0 Comments

For anyone following the saga of my adventures with RavenDB, good news! It turns out its much easier to run a RavenDB server on reasonable hardware when you just put less data in it. I cleaned out the massive chunk of abandoned data over the last few weeks and everything is running much better now.

That’s not what this blog post is about though, which I’m sure is disappointing at a fundamental level.

This post is a quick one about some of the fun times that we had setting up access to customer data for the business to use for analysis purposes. What data? Well, lets go back a few steps to set the stage.

Our long term strategy has been to free customer data stuck in on-premises databases so that the customer can easily use it remotely, in mobile applications and webpages, without having to have physical access to their database server (i.e. be in the office, or connected to their office network). This sort of strategy benefits both parties, because the customer gains access to new, useful services for when they are on the move (very important for real estate agents) and we get to develop new and exciting tools and services that leverage their data. Win-win.

Of course, everything we do involving this particular product is a stopgap until we migrate those customers to a completely cloud based offering, but that’s a while away yet, and we need to stay competitive in the meantime.

As part of the creation of one of our most recent services, we consolidated the customer data location in the Cloud, and so now we have a multi tenant database in AWS that contains a subset of all of the data produced by our customers. We built the database to act as the backend for a system that allows the customer to easily view their data remotely (read only access), but the wealth of information available in that repository piqued the interest of the rest of the business, mostly around using it to calculate statistics and comparison points across our entire customer base.

Now, as a rule of thumb, I’m not going to give anyone access to a production database in order to perform arbitrary, ad-hoc queries, no matter how hard they yell at me. There are a number of concerns that lead towards this mindset, but the most important one is that the database has been optimized to work best for the applications that run on it. It is not written with generic, ad-hoc intelligence queries in mind, and any such queries could potentially have an impact on the operation of the database for its primary purpose. The last thing I want is for someone to decide they want to calculate some heavy statistics over all of the data present, tying up resources that are necessary to answer queries that customers are actually asking. Maintaining quality of service is critically important.

However, the business desire is reasonable and real value could be delivered to the customer with any intelligence gathered.

So what were we to do?

Stop Copying Me

The good thing about working with AWS is that someone, somewhere has probably already tried to do what you’re trying to do, and if you’re really lucky, Amazon has already built in features to make doing the thing easy.
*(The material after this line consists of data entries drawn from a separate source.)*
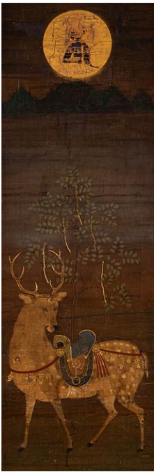
「春日鹿曼茶羅」 (西城戸町所蔵)
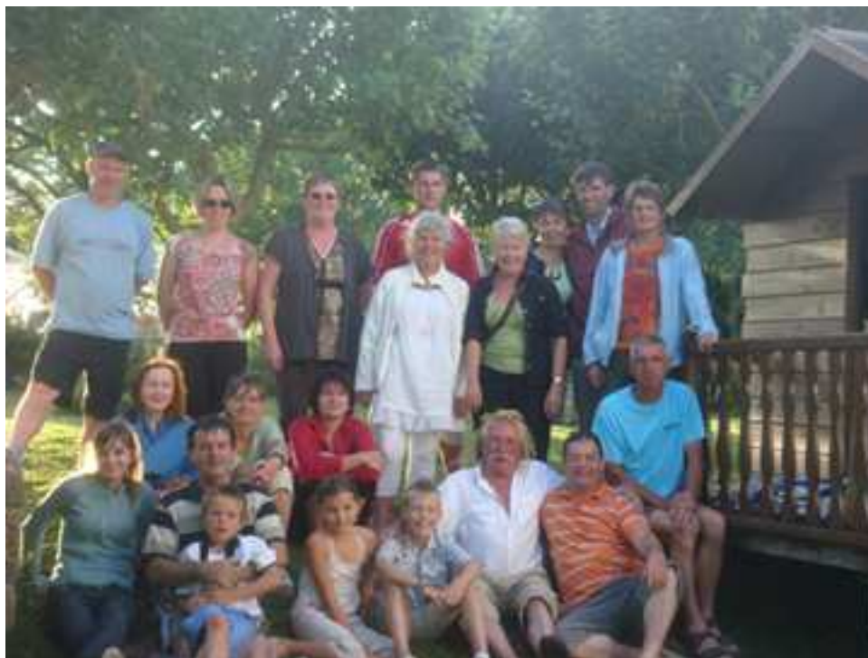
5 Juillet 2009 Les « Voisinades » de la Rue d'Yvignac la Tour
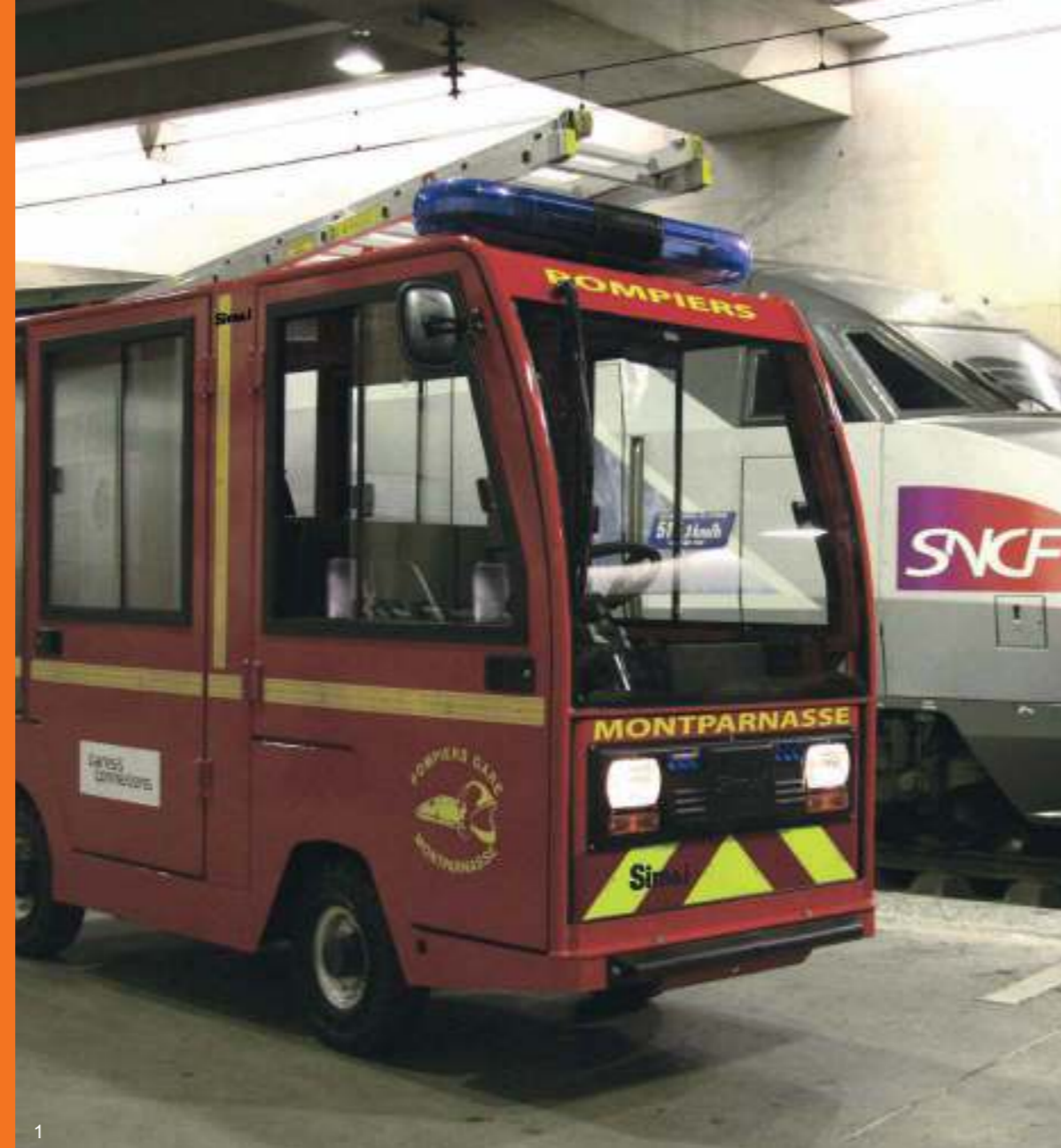
1) SIMAI PPE6VPI - Véhicule de secours SIMAI PPE6VPI - Rettungswagen

Such was the case with us.

An RDS read-replica neatly resolves all of my concerns. The data will be asynchronously copied from the master to the replica, allowing business intelligence queries to be performed with wild abandon without having to be concerned with affecting the customer experience. You do have to be aware of the eventually consistent  nature of the replica, but that’s not as important when the queries being done aren’t likely to be time critical. Read-replicas can even be made publicly accessible (without affecting the master), allowing you to provision access to them without requiring a VPN connection or something similarly complicated.

Of course, if it was that easy, I wouldn’t have written a blog post about it.

Actually creating a read-replica is easy. We use CloudFormation to initialise our AWS resources, so its a fairly simple matter to extend our existing template with another resource describing the replica. You can easily specify different security groups for the replica, so we can lock it down to be publicly resolvable but only accessible from approved IP addresses without too much trouble (you’ll have to provision a security group with the appropriate rules to allow traffic from your authorised IP addresses, either as part of the template, or as a parameter injected into the template).

There are some tricks and traps though.

If you want to mark a replica as publicly accessible (i.e. it gets a public IP address) you need to make sure you have DNS Resolution and DNS Hostnames enabled on the host VPC. Not a big deal to be honest, but I think DNS Hostnames default to Off, so something to watch out for. CloudFormation gives a nice error message in this case, so its easy to tell what to do.

What’s not so easy is that if you have the standard public/private split of subnets (where a public subnet specifies the internet gateway for routing of all traffic and a private subnet either specifies nothing or a NAT) you must make sure to put your replica in the public subnets. I think this applies for any instance that is going to be given a public IP address. If you don’t do this, no traffic will be able to escape from the replica because the router table will try to push it through the NAT on the way out. This complicates things with the master RDS instance as well, because both replica and master must share the same subnet group, so the master must be placed in the public subnets as well.

With all the CloudFormation/AWS/RDS chicanery out of the way, you still need to manage access to the replica using the standard PostgreSQL mechanisms though.

The Devil Is In The Details

The good thing about PostgreSQL read replicas is that they don’t allow any changes at all, even if using the root account. They are fundamentally readonly, which is fantastic.

There was no way that I was going to publicise the master password for the production RDS instance though, so I wanted to create a special user just for the rest of the business to access the replica at will, with as few permissions as possible.

Because of the aforementioned readonly-ness of the replica, you have to create the user inside the master instance, which will then propagate it across to the replica in time. When it comes to actually managing permissions for users in the PostgreSQL database though, its a little bit different to the RDBMS that I’m most familiar with, SQL Server. I don’t think its better or worse, its just different.

PostgreSQL servers hosts many databases, and each database hosts many schemas. Users however, appear to exist at the server level, so in order to manage access, you need to grant the user access to the databases, schemas and then tables (and sequences) inside that schema that you want them to be able to use.

At the time when our RDS instance is initialised, there are no databases, so we had to do this after the fact. We could provision the user and give it login/list database rights, but it couldn’t select anything from tables until we gave it access to those tables using the master user.

GRANT USAGE ON {schema} TO {username}

GRANT SELECT ON ALL TABLES IN {schema} TO {username}

GRANT SELECT ON ALL SEQUENCES IN {schema} TO {username}

Granting access once is not enough though, because any additional tables created after the statement is executed will not be accessible. To fix that you have to alter the default privileges of the schema, granting the appropriate permissions for the user you are interested in.

ALTER DEFAULT PRIVILEGES IN SCHEMA {schema}
    GRANT SELECT ON TABLES TO {username}

With all of that out of the way, we had our replica.

Conclusion

Thanks to AWS, creating and managing a read-replica is a relatively painless procedure. There are some tricks and traps along the way, but they are very much surmountable. Its nice to be able to separate our concerns cleanly, and to have support for doing that at the infrastructure level.

I shudder to think how complicated something like this would have been to setup manually.

I really do hope AWS never goes full evil and decides to just triple or quadruple their prices though, because it would take months to years to replicate some of the things we’re doing in AWS now.

We’d probably just be screwed.